The U.S. Department of Labor, Wage and Hour Division, issued its second Administrator’s Interpretation on June 16, 2010. Interpretation 2010-2

The AI concerns application of 29 U.S.C. 203(o).

In my opinion, this AI may very well have a significant impact in donning and doffing cases brought under the Fair Labor Standards Act (FLSA).

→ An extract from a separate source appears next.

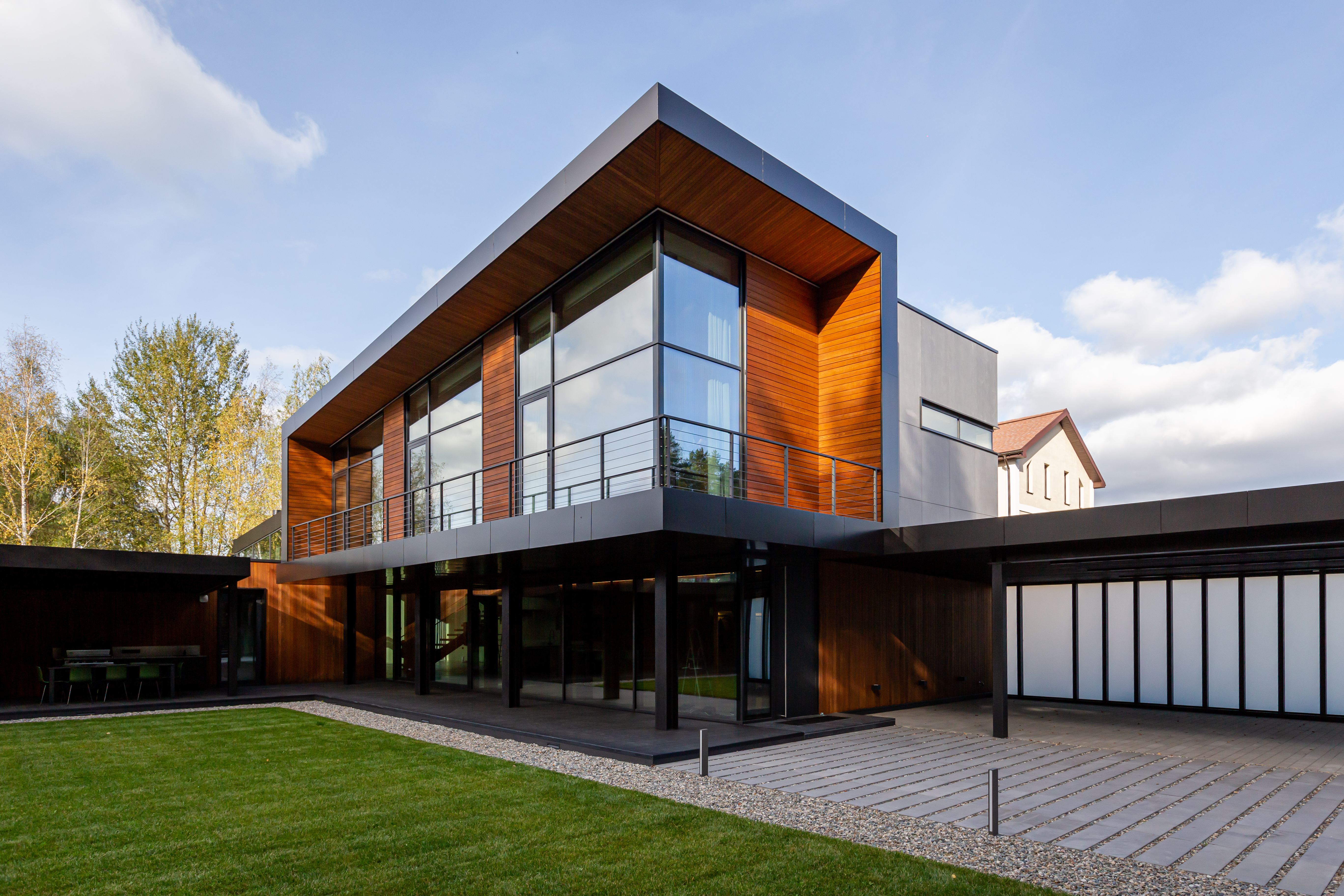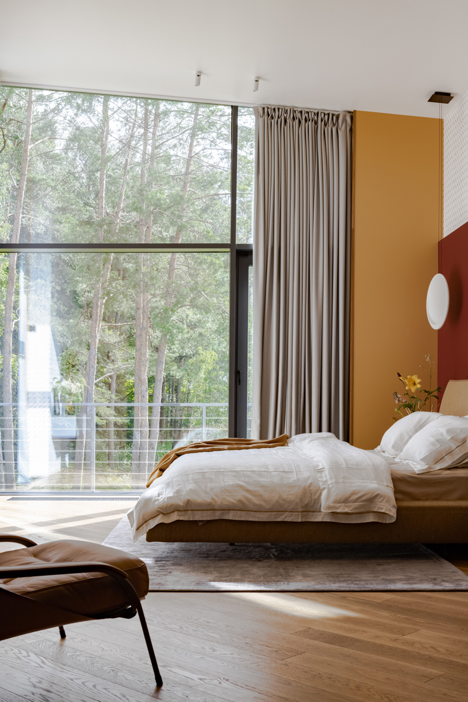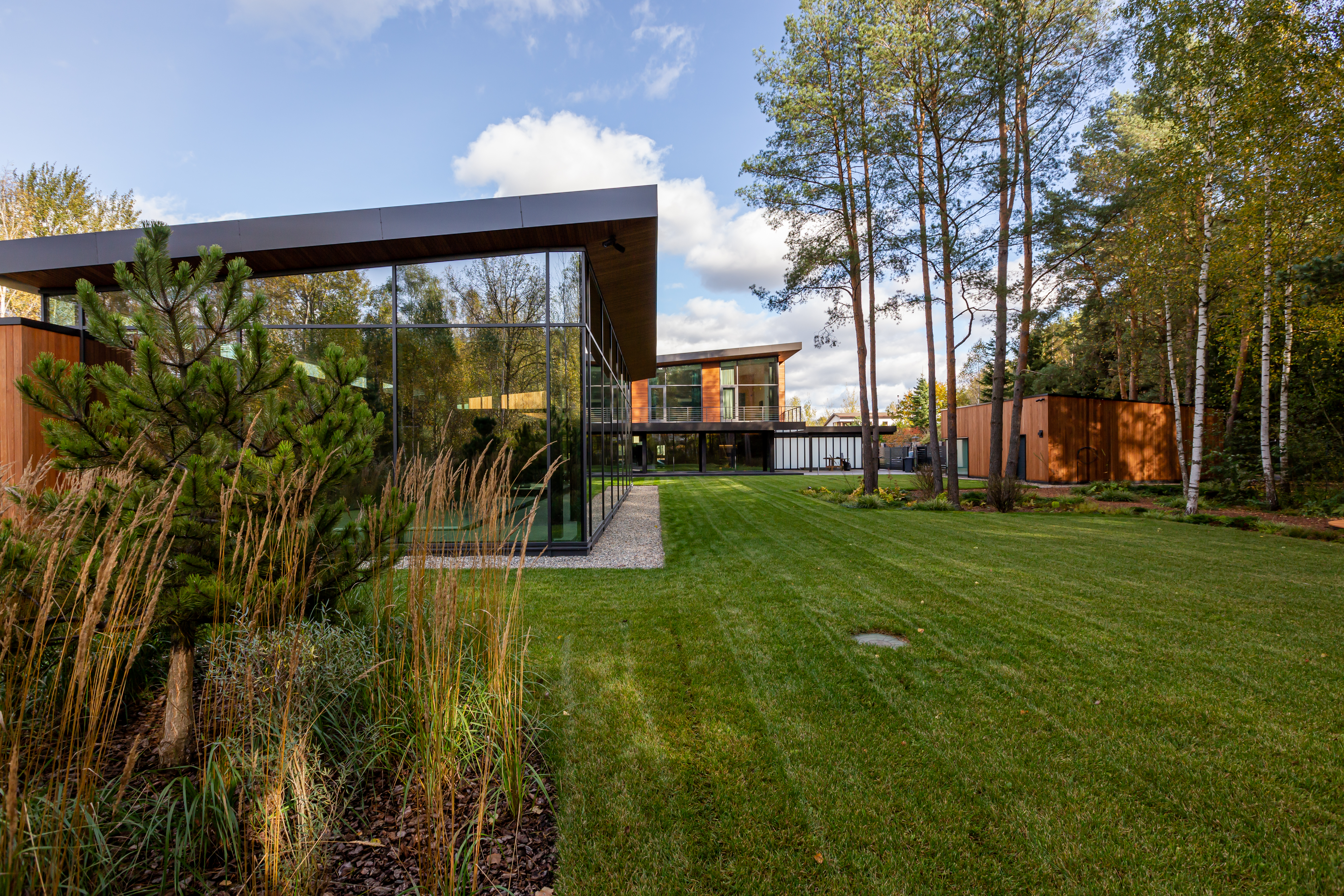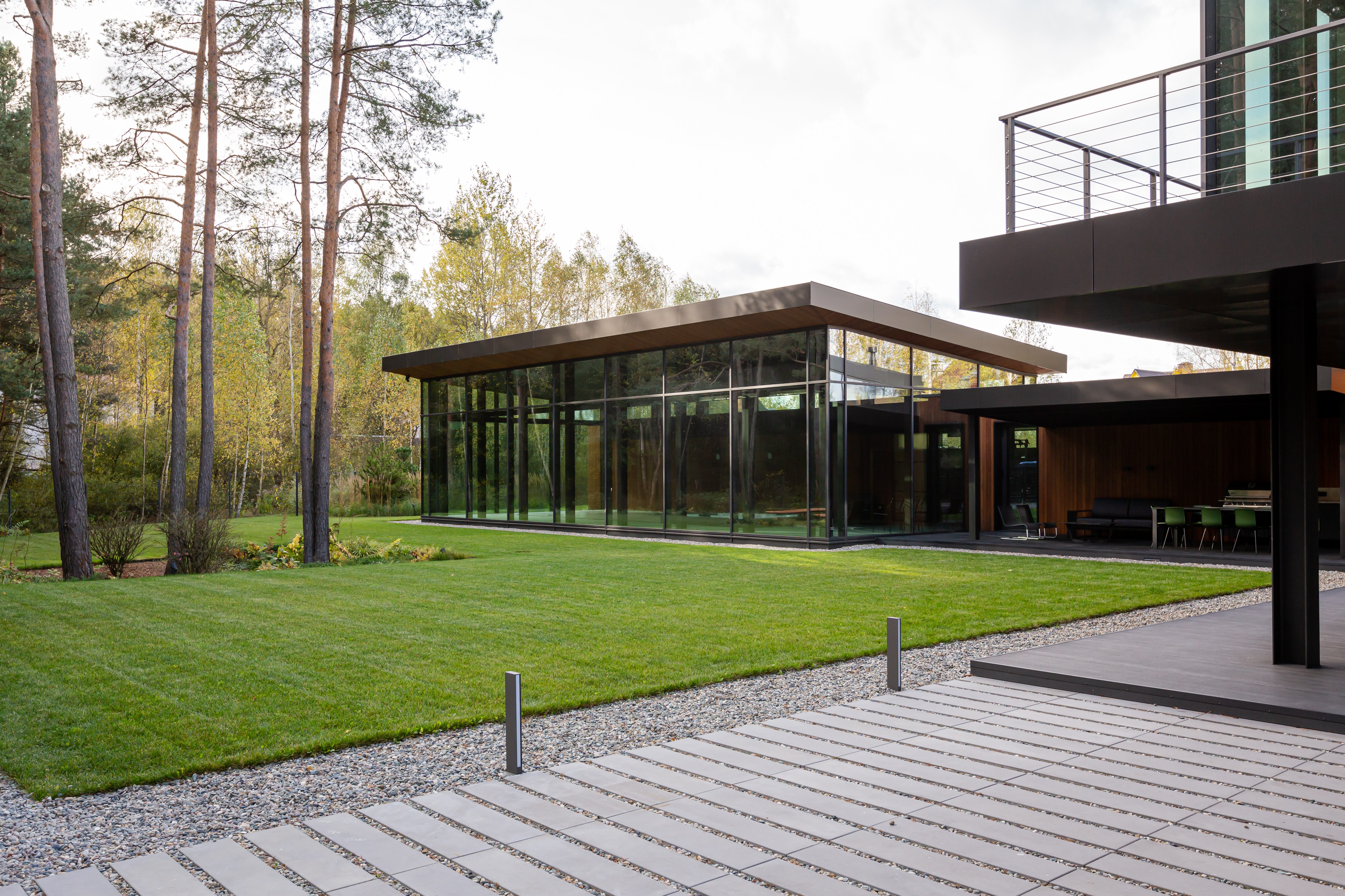 The long hallway of the residential building forms the main axis of the house, centering all the zones on the ground floor, and at the end of it is a living room with a unique atmosphere. A fireplace sits in the living room space, which has walls made of glass, allowing for views of the natural light shedding light in the yard throughout the seasons. The interior walls were designed with soundproofing panels to compensate for the reverberation of noise caused by the high ceilings of the living room and the glass facade. The second floor is accessed by a staircase with a transparent glass railing that leads to a small protruding mezzanine. When arranging private spaces such as a reading nook, guest room, and suites, wood pallet furniture was used to add warmth and comfort.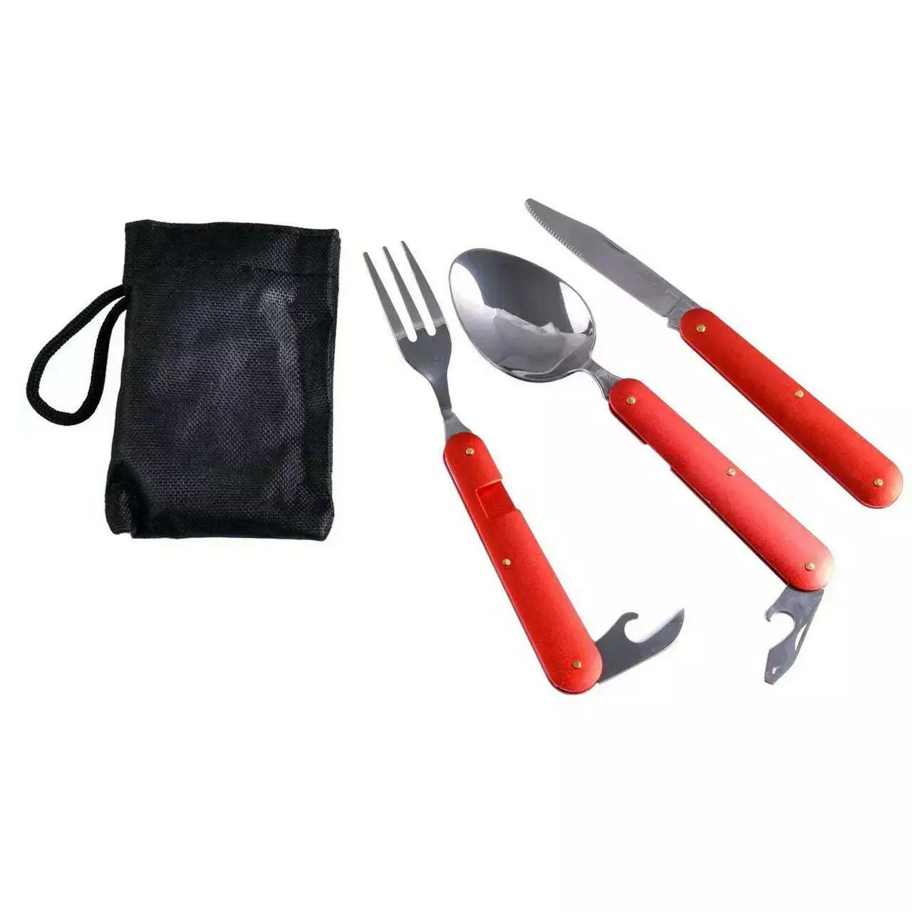 Туристичний набір 3 в 1 ложка, вилка, ніж K-8003 Black/Blue/Red/Grey

In these cases, workers seek to be paid for time spent donning and doffing protective/sanitary gear, for example, and for time spent walking to the worksite.

In some circumstances, however, 29 U.S.C. 203(o) permits employers to not pay workers for time spent donning and doffing protective/sanitary gear and for time spent walking to the worksite.

Specifically, an employer can avoid paying for donning and doffing time, if the employer establishes that the workers are changing into “clothes” and that the employer and the workers’ union have expressly agreed to exclude such time as being compensable or a custom or practice exists between the employer and the union regarding the non-payment of time.

Many court cases recently have discussed what constitutes “clothes” as that term is defined at § 203(o).

AI 2010-2 defines the term “clothes” as used in § 203(o) in a narrow fashion as intended by Congress and rejects Opinion Letters issued by the DOL during the Bush Administration, which had greatly expanded the definition of “clothes”. Before the Bush Administration, the DOL had interpreted the term “clothes” in a narrow, pro-worker fashion that is consistent with the purpose and remedial scope of the FLSA. Thus, in my opinion AI 2010-2 restores the status quo.

Also, AI 2010-2 further states that clothes changing activity, which is covered by § 203(o), may constitute a principal activity under the FLSA. Accordingly, for example, walking time, which follows clothes changing activity covered under § 203(o), may be compensable even if the time spent changing clothes is not compensable.